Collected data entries
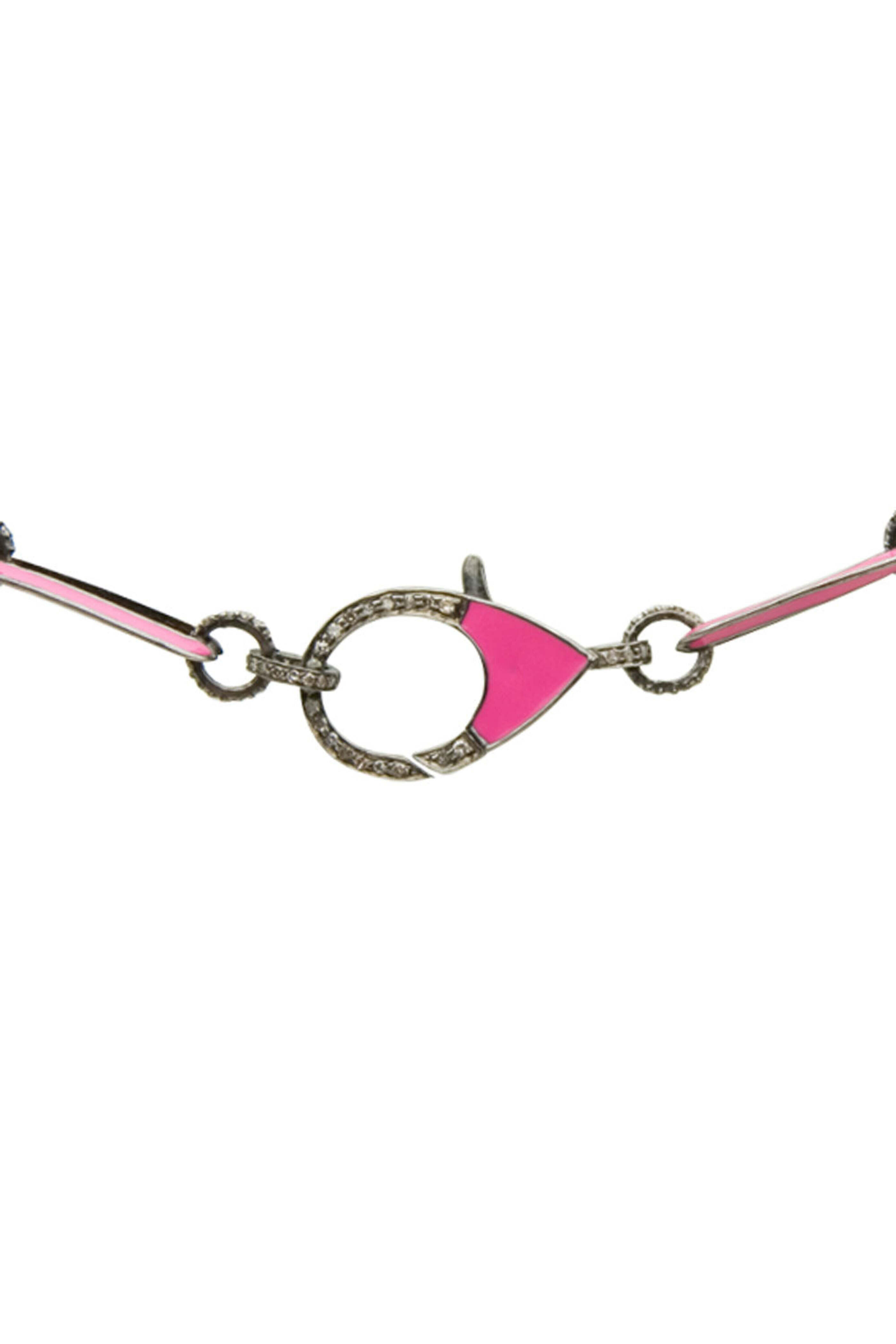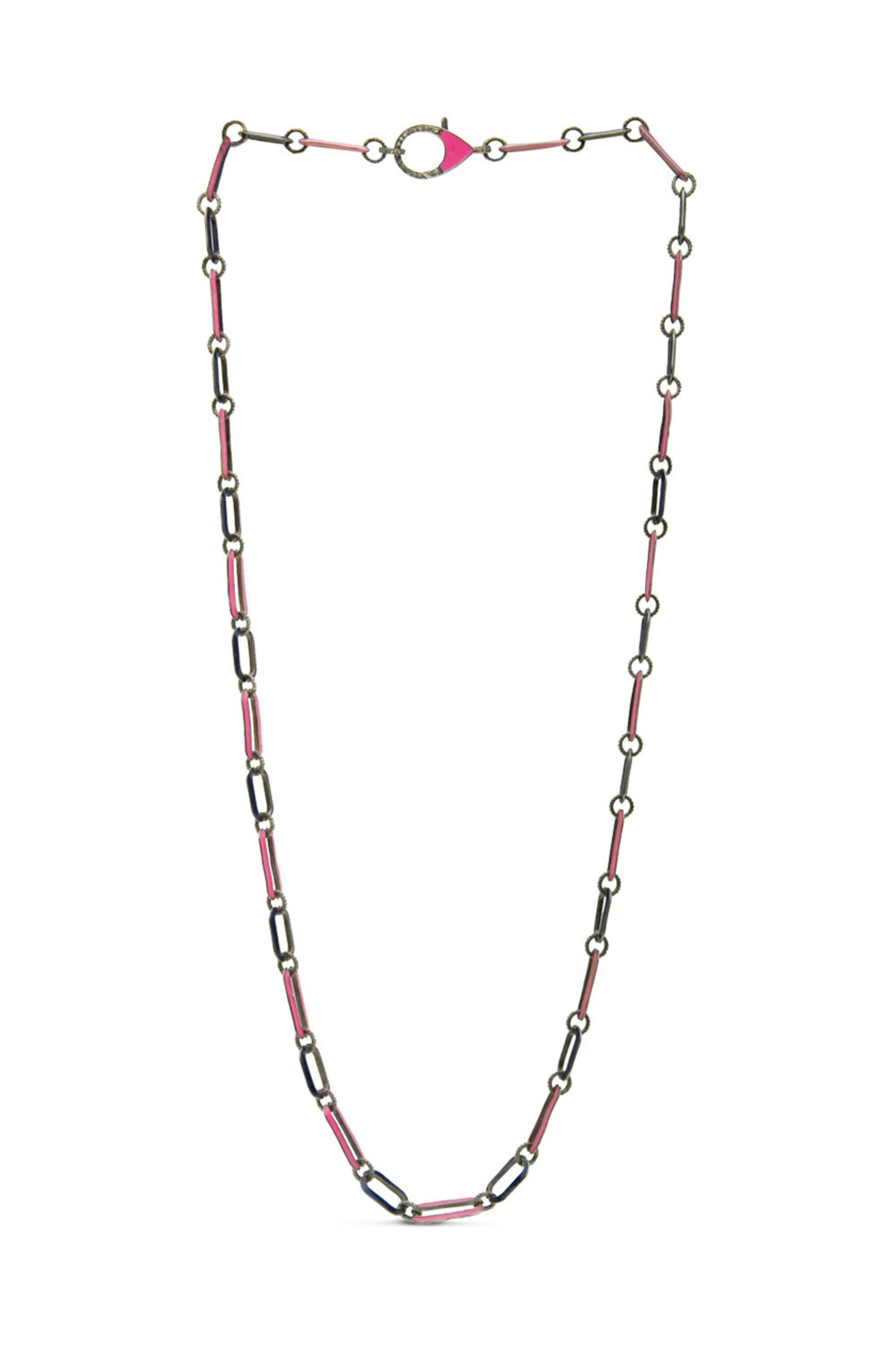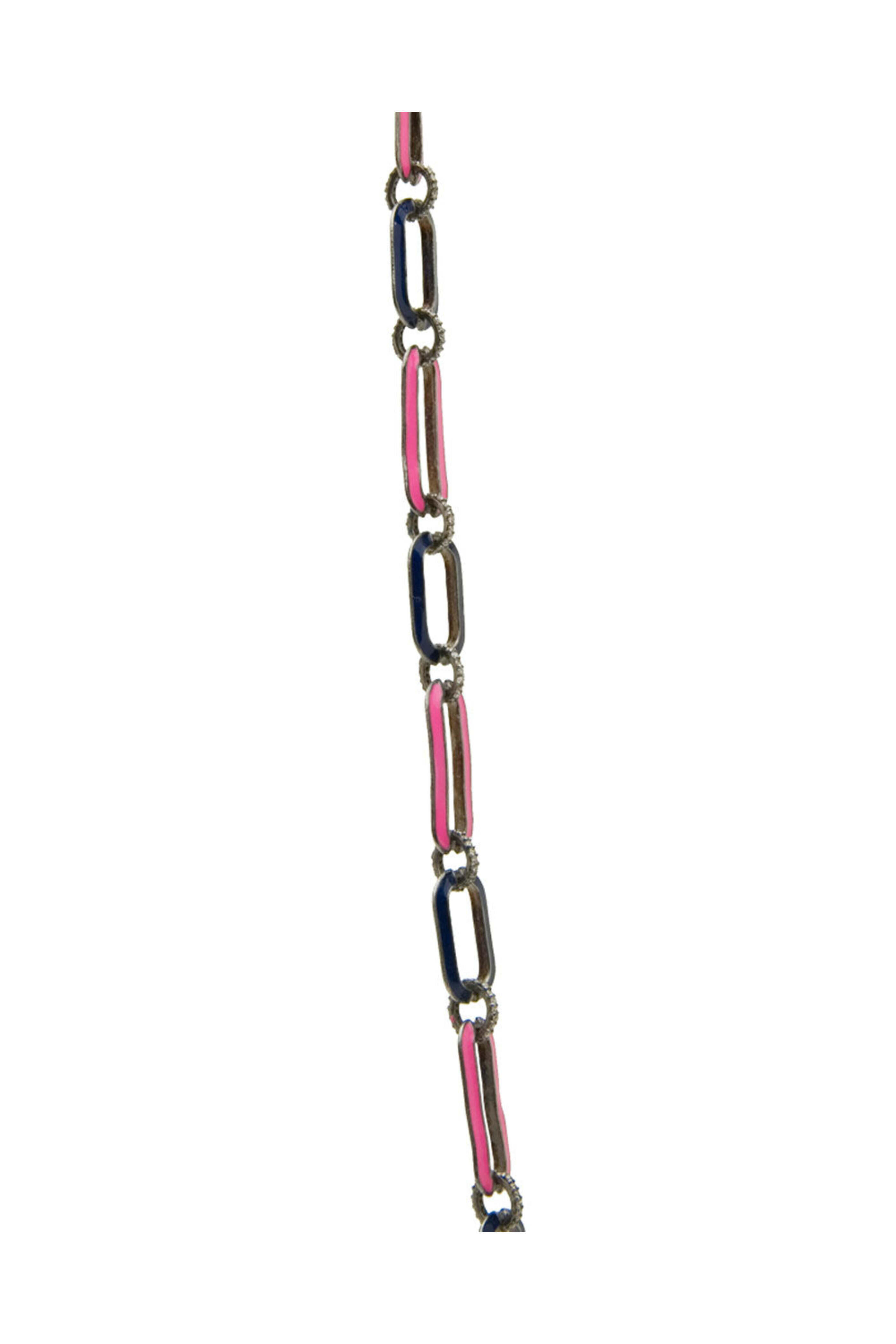 Royal Nomad Pink and Navy Enamel Necklace. Sterling silver. Diamond. Chain link design. Pink and navy enamel. Diamond accent chain links. Diamond embellished closure. Lobster claw clasp.
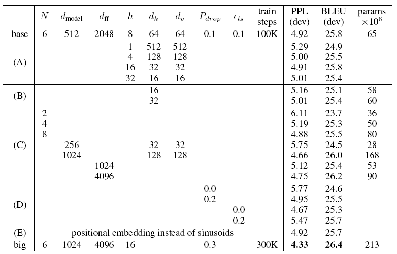 - E행 : 포지셔널 인코딩을 학습된 위치 임베딩으로 대체 = 기본 모델과 거의 동일한 결과
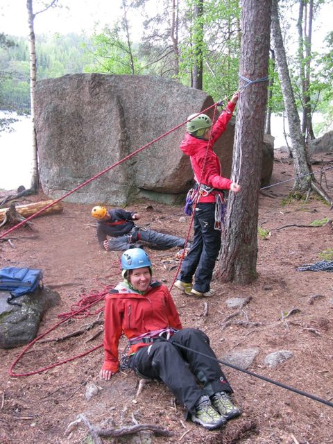 Meitä oli kouluttajien lisäksi paikalla 12 kiipeilyn ohjaajaa ja appariohjaajaa. Jakaannuimme kahteen ryhmään, joista toinen perehtyi ekana päivänä kiipeilytilanteisiin räätälöityyn ensiapuun Tonin kanssa ja toinen Josen kanssa erilaisiin kalliolta pelastamisen skenaarioihin. Ja toisena päivänä toisinpäin. Me pääsimme Sinin kanssa ekana päivänä harjoittelemaan pelastusskenaarioita autenttisissa olosuhteissa, kaatosateessa. Olosuhteet olivat siis otolliset ihan oikeille ”tilanteille”. Mieluummin olisin viritellyt naruja, prusikeja ja taljoja ilman Suomen suvelle tyypillistä korkeahkoa ilman kosteusprosenttia. Virittelemämme systeemit kuitenkin pitivät, eikä niitä todellisia tilanteita pukannut. Lisäksi opimme, että Mahtava Marineri pelastaa melkeinpä tilanteen kuin tilanteen. Jos et vielä tunne Mahtavaa Marineria, mene suoraan Josen ja Tonin pelastuskurssille kulkematta lähtöruudun kautta. Kysymys kuuluukin, miten ikinä olen uskaltanut kiivetä multipitchiä tietämättä, miten Mahtava Marineri tehdään ja missä kaikkialla sitä voi käyttää. Katso vaikka oheista kuvaa, jossa kolleegani harjoittavat sesongin uutuuslajia, puujumppaa, Mahtavan Marinerin varassa. Aivan upea solmu ja todella sulavia vatsalihasliikkeitä!
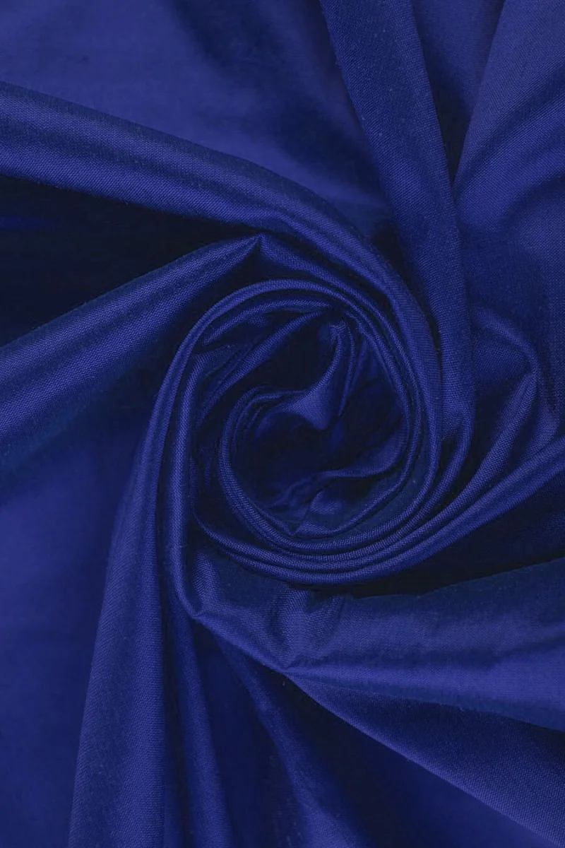 Italian 100% silk shandung fabric, woven from two colors of threads: black and cornflower, which create a two-tone effect. The fabric is smoother with slight thickenings.
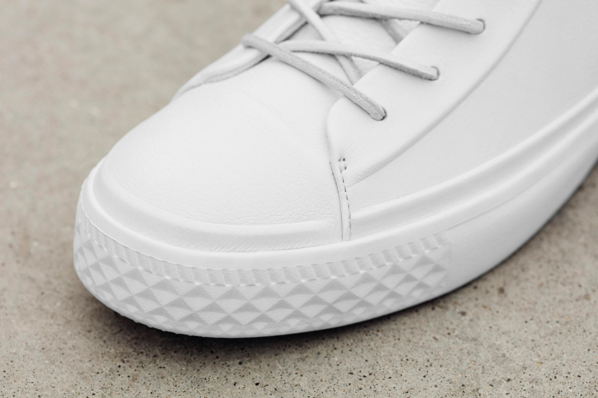 Inspired by the company’s heritage that is over a century old, the Modern Lux comes in all tonal white or all tonal black and constructed in soft and buttery moulded leather for that opulent feel. Notable differences with the Converse Chuck Taylor Modern Sneakers from the original model is the rubber toe cap which has been removed and in place the same moulded leather used for the upper panels.
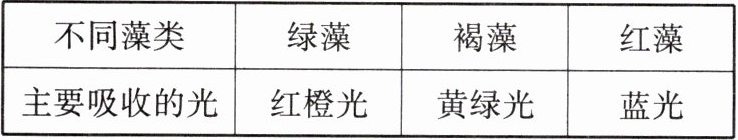 14. 海洋中的三类藻类植物主要吸收的可见光如下表所示,请据表回答下列问题:
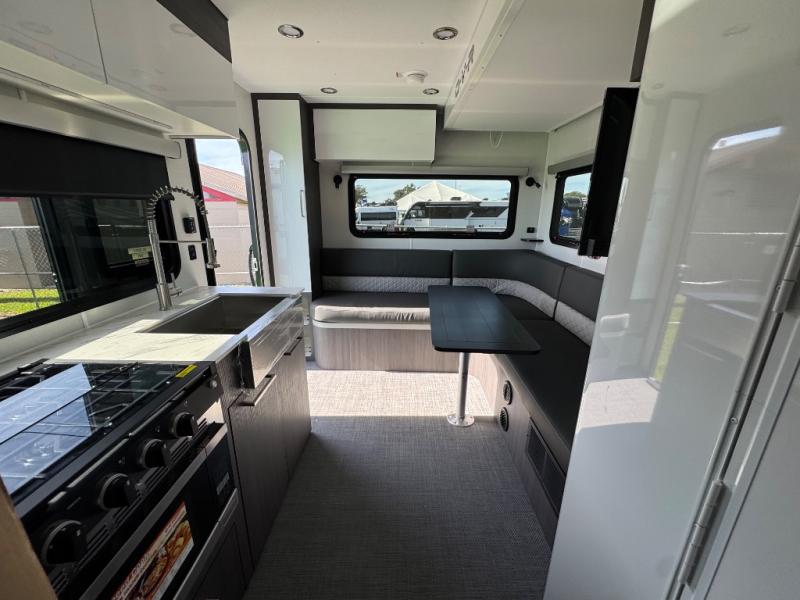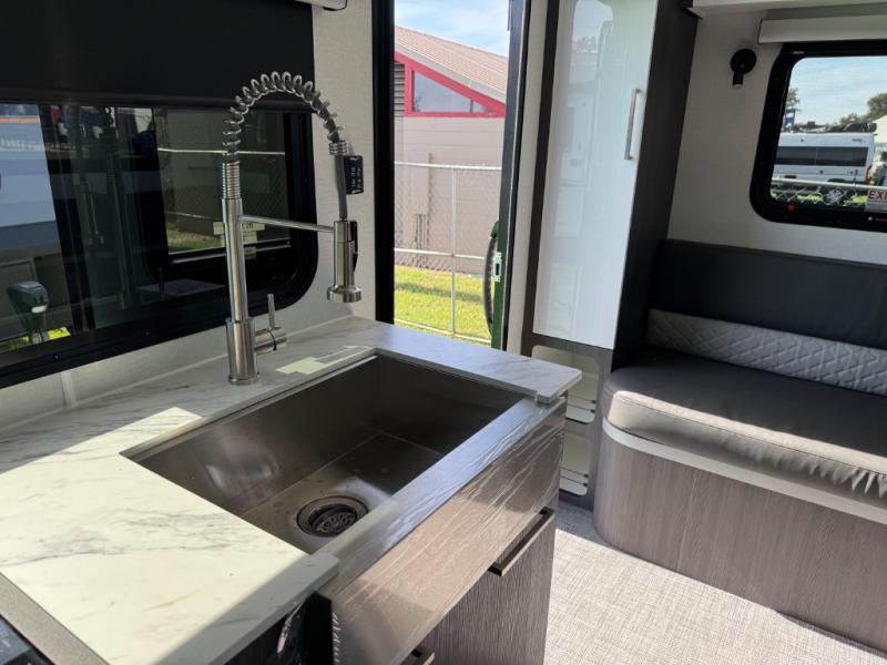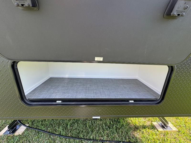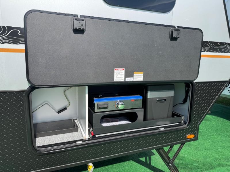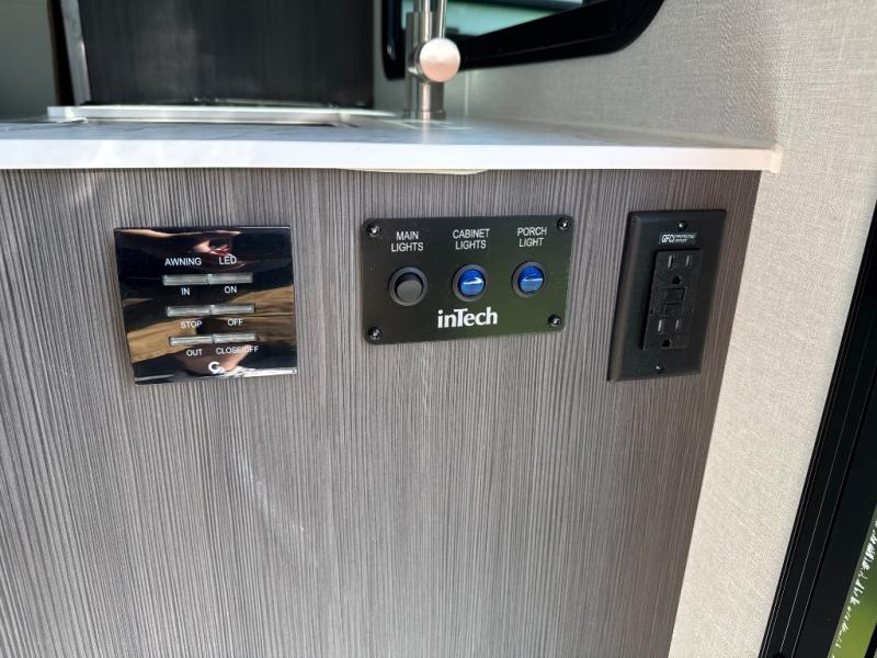 The O-R-V travel trailers and toy hauler by inTech RV allow you to experience adventure off the beaten path with its rugged exterior and lightweight construction provided by the all-aluminum fully welded cage frame. The power tongue jack will make setting up camp a breeze, plus there is a fold-away double entry step and exterior lighting for added convenience. Inside, you'll find a large farmhouse style sink, a MaxxAir vent for ventilation, plus infinity woven flooring. There is a Bluetooth stereo with four speakers and a 32" Smart TV included with each model, plus USB and 110V outlets to keep your electronics charged and ready to go. Further customize your O-V-R by adding the optional power awning or the optional Off-Grid Package with 400 watts of solar power, 20 amp hours of lithium batteries, and a 2,000 watt inverter!
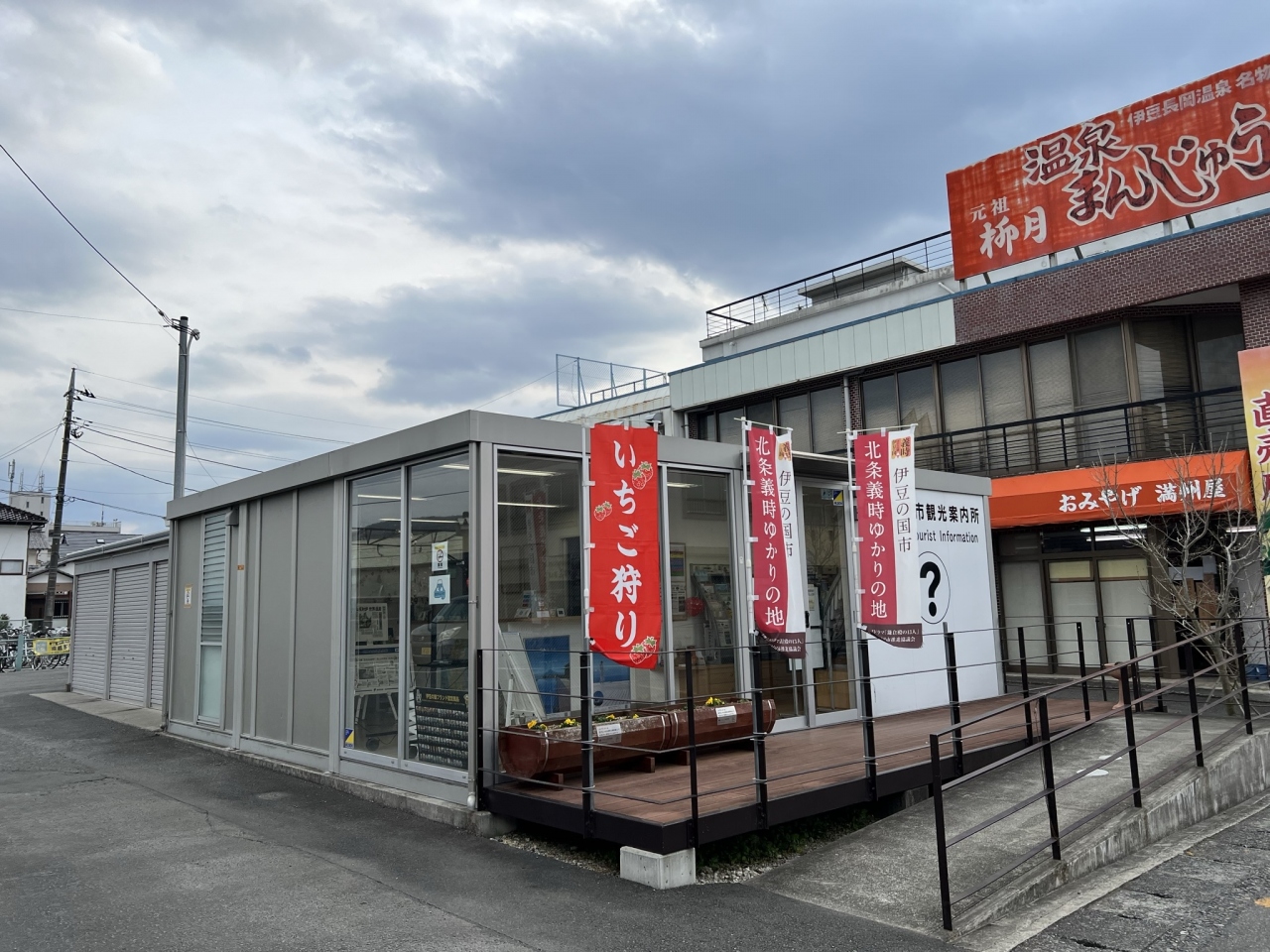 箱根箱根鉄道の伊豆長岡駅の改札を出てすぐのところに、プレハブ小屋のような案内所があります。「伊豆の国市観光案内所」が、今の名称です。案内所の前にある「北条義時ゆかりの地」や「いちご狩り」といった旗指物に目をひかれました。
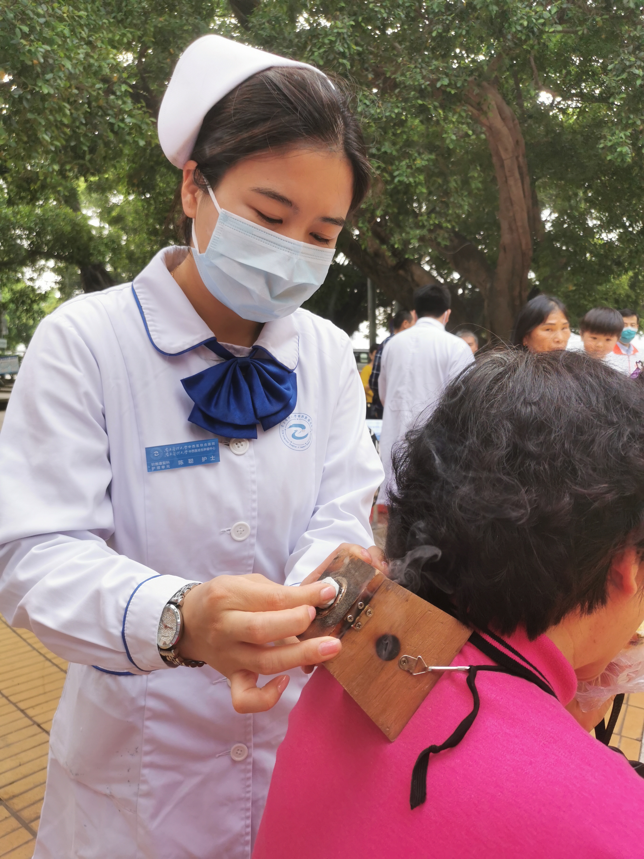 (护理人员为群众进行特色中医护理操作——艾灸)

Action item
The data above should be restated exactly, with its images dropped.

Answer for this exercise
 Royal Nomad Pink and Navy Enamel Necklace. Sterling silver. Diamond. Chain link design. Pink and navy enamel. Diamond accent chain links. Diamond embellished closure. Lobster claw clasp.
 - E행 : 포지셔널 인코딩을 학습된 위치 임베딩으로 대체 = 기본 모델과 거의 동일한 결과
 Meitä oli kouluttajien lisäksi paikalla 12 kiipeilyn ohjaajaa ja appariohjaajaa. Jakaannuimme kahteen ryhmään, joista toinen perehtyi ekana päivänä kiipeilytilanteisiin räätälöityyn ensiapuun Tonin kanssa ja toinen Josen kanssa erilaisiin kalliolta pelastamisen skenaarioihin. Ja toisena päivänä toisinpäin. Me pääsimme Sinin kanssa ekana päivänä harjoittelemaan pelastusskenaarioita autenttisissa olosuhteissa, kaatosateessa. Olosuhteet olivat siis otolliset ihan oikeille ”tilanteille”. Mieluummin olisin viritellyt naruja, prusikeja ja taljoja ilman Suomen suvelle tyypillistä korkeahkoa ilman kosteusprosenttia. Virittelemämme systeemit kuitenkin pitivät, eikä niitä todellisia tilanteita pukannut. Lisäksi opimme, että Mahtava Marineri pelastaa melkeinpä tilanteen kuin tilanteen. Jos et vielä tunne Mahtavaa Marineria, mene suoraan Josen ja Tonin pelastuskurssille kulkematta lähtöruudun kautta. Kysymys kuuluukin, miten ikinä olen uskaltanut kiivetä multipitchiä tietämättä, miten Mahtava Marineri tehdään ja missä kaikkialla sitä voi käyttää. Katso vaikka oheista kuvaa, jossa kolleegani harjoittavat sesongin uutuuslajia, puujumppaa, Mahtavan Marinerin varassa. Aivan upea solmu ja todella sulavia vatsalihasliikkeitä!
 Italian 100% silk shandung fabric, woven from two colors of threads: black and cornflower, which create a two-tone effect. The fabric is smoother with slight thickenings.
 Inspired by the company’s heritage that is over a century old, the Modern Lux comes in all tonal white or all tonal black and constructed in soft and buttery moulded leather for that opulent feel. Notable differences with the Converse Chuck Taylor Modern Sneakers from the original model is the rubber toe cap which has been removed and in place the same moulded leather used for the upper panels.
 14. 海洋中的三类藻类植物主要吸收的可见光如下表所示,请据表回答下列问题:
 The O-R-V travel trailers and toy hauler by inTech RV allow you to experience adventure off the beaten path with its rugged exterior and lightweight construction provided by the all-aluminum fully welded cage frame. The power tongue jack will make setting up camp a breeze, plus there is a fold-away double entry step and exterior lighting for added convenience. Inside, you'll find a large farmhouse style sink, a MaxxAir vent for ventilation, plus infinity woven flooring. There is a Bluetooth stereo with four speakers and a 32" Smart TV included with each model, plus USB and 110V outlets to keep your electronics charged and ready to go. Further customize your O-V-R by adding the optional power awning or the optional Off-Grid Package with 400 watts of solar power, 20 amp hours of lithium batteries, and a 2,000 watt inverter!
 箱根箱根鉄道の伊豆長岡駅の改札を出てすぐのところに、プレハブ小屋のような案内所があります。「伊豆の国市観光案内所」が、今の名称です。案内所の前にある「北条義時ゆかりの地」や「いちご狩り」といった旗指物に目をひかれました。
 (护理人员为群众进行特色中医护理操作——艾灸)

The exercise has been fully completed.